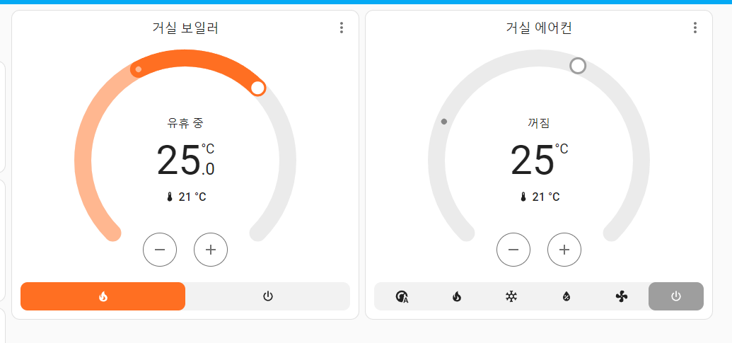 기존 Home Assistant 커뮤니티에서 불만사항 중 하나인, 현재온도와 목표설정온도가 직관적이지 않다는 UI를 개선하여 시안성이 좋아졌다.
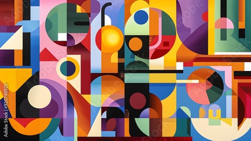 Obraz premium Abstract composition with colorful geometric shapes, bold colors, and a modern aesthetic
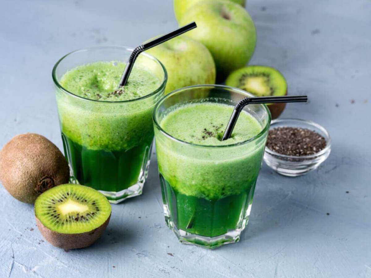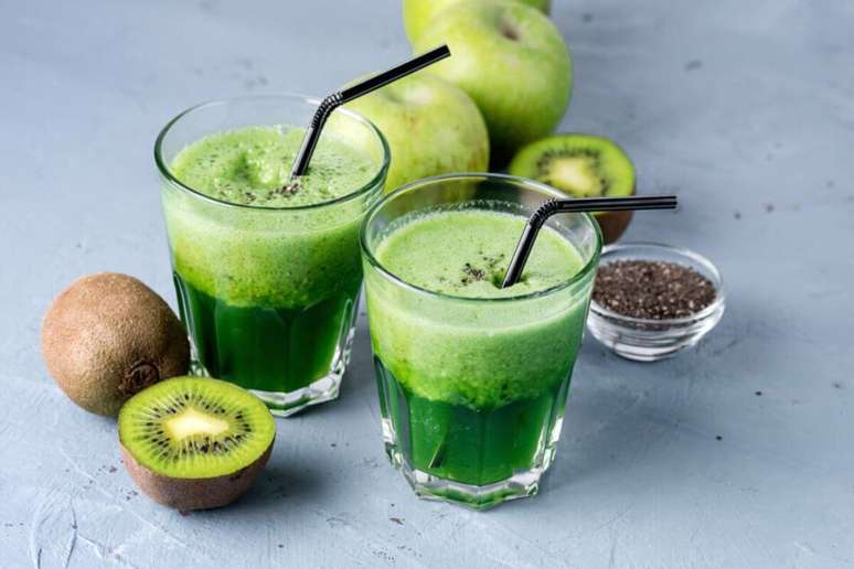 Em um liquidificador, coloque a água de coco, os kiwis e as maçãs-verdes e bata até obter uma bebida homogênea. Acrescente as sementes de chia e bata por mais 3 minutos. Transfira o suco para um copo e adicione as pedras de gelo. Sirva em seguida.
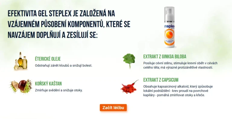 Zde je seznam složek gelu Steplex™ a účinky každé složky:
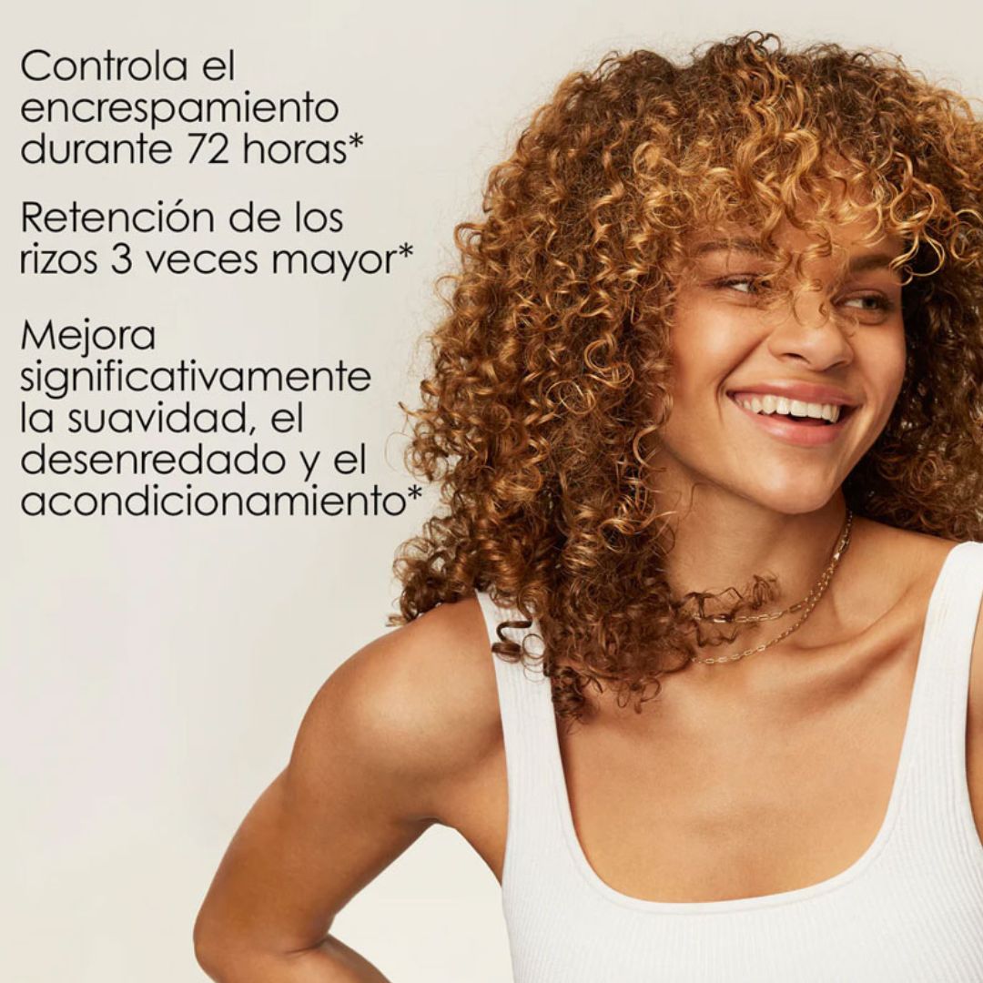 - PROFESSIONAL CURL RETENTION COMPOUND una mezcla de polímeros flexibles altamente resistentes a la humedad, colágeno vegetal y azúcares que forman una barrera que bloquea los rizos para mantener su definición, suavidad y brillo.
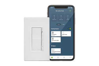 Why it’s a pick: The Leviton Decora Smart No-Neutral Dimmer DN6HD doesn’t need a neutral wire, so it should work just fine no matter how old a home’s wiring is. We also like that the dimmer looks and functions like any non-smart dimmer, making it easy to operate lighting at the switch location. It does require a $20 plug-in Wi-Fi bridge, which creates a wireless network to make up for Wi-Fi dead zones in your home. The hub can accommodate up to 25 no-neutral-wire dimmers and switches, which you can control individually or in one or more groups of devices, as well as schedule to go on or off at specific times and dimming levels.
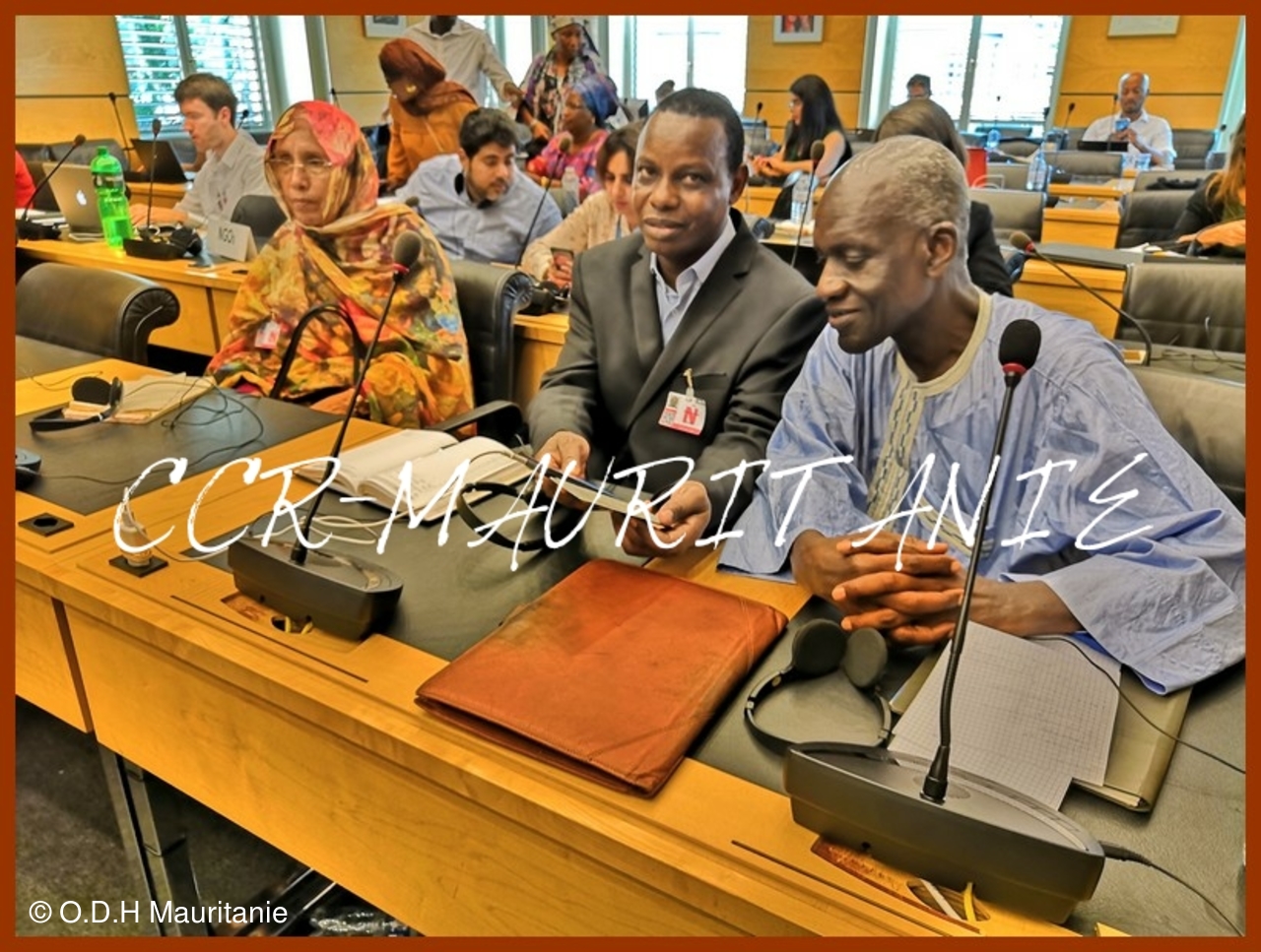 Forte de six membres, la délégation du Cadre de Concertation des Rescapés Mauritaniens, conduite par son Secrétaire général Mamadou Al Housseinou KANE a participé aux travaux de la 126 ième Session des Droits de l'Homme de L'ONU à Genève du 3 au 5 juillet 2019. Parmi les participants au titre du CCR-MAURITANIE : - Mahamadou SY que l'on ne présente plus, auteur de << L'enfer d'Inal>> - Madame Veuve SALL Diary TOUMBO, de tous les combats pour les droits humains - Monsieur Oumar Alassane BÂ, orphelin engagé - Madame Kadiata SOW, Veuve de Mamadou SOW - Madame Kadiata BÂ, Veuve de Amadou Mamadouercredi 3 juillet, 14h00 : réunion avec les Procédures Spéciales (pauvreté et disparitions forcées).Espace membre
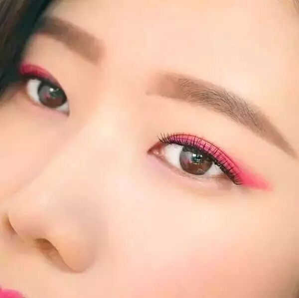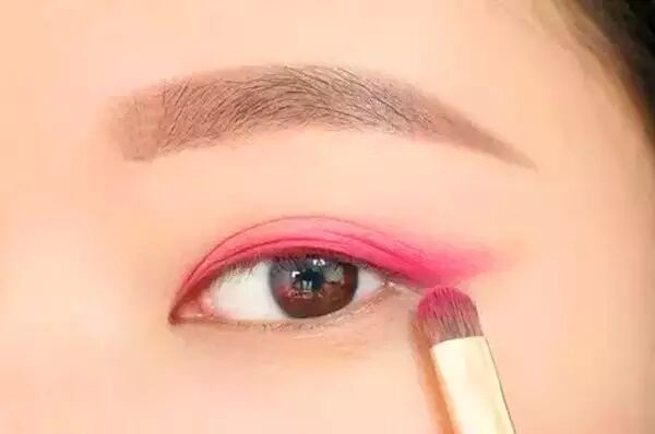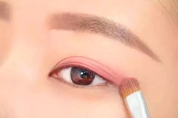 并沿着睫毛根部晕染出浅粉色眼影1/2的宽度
=======
■ TASK ITEM
All of the records above should be returned exactly, though the pictures should not.

■ PROBLEM SOLUTION
 기존 Home Assistant 커뮤니티에서 불만사항 중 하나인, 현재온도와 목표설정온도가 직관적이지 않다는 UI를 개선하여 시안성이 좋아졌다.
 Obraz premium Abstract composition with colorful geometric shapes, bold colors, and a modern aesthetic
 Em um liquidificador, coloque a água de coco, os kiwis e as maçãs-verdes e bata até obter uma bebida homogênea. Acrescente as sementes de chia e bata por mais 3 minutos. Transfira o suco para um copo e adicione as pedras de gelo. Sirva em seguida.
 Zde je seznam složek gelu Steplex™ a účinky každé složky:
 - PROFESSIONAL CURL RETENTION COMPOUND una mezcla de polímeros flexibles altamente resistentes a la humedad, colágeno vegetal y azúcares que forman una barrera que bloquea los rizos para mantener su definición, suavidad y brillo.
 Why it’s a pick: The Leviton Decora Smart No-Neutral Dimmer DN6HD doesn’t need a neutral wire, so it should work just fine no matter how old a home’s wiring is. We also like that the dimmer looks and functions like any non-smart dimmer, making it easy to operate lighting at the switch location. It does require a $20 plug-in Wi-Fi bridge, which creates a wireless network to make up for Wi-Fi dead zones in your home. The hub can accommodate up to 25 no-neutral-wire dimmers and switches, which you can control individually or in one or more groups of devices, as well as schedule to go on or off at specific times and dimming levels.
 Forte de six membres, la délégation du Cadre de Concertation des Rescapés Mauritaniens, conduite par son Secrétaire général Mamadou Al Housseinou KANE a participé aux travaux de la 126 ième Session des Droits de l'Homme de L'ONU à Genève du 3 au 5 juillet 2019. Parmi les participants au titre du CCR-MAURITANIE : - Mahamadou SY que l'on ne présente plus, auteur de << L'enfer d'Inal>> - Madame Veuve SALL Diary TOUMBO, de tous les combats pour les droits humains - Monsieur Oumar Alassane BÂ, orphelin engagé - Madame Kadiata SOW, Veuve de Mamadou SOW - Madame Kadiata BÂ, Veuve de Amadou Mamadouercredi 3 juillet, 14h00 : réunion avec les Procédures Spéciales (pauvreté et disparitions forcées).Espace membre
 并沿着睫毛根部晕染出浅粉色眼影1/2的宽度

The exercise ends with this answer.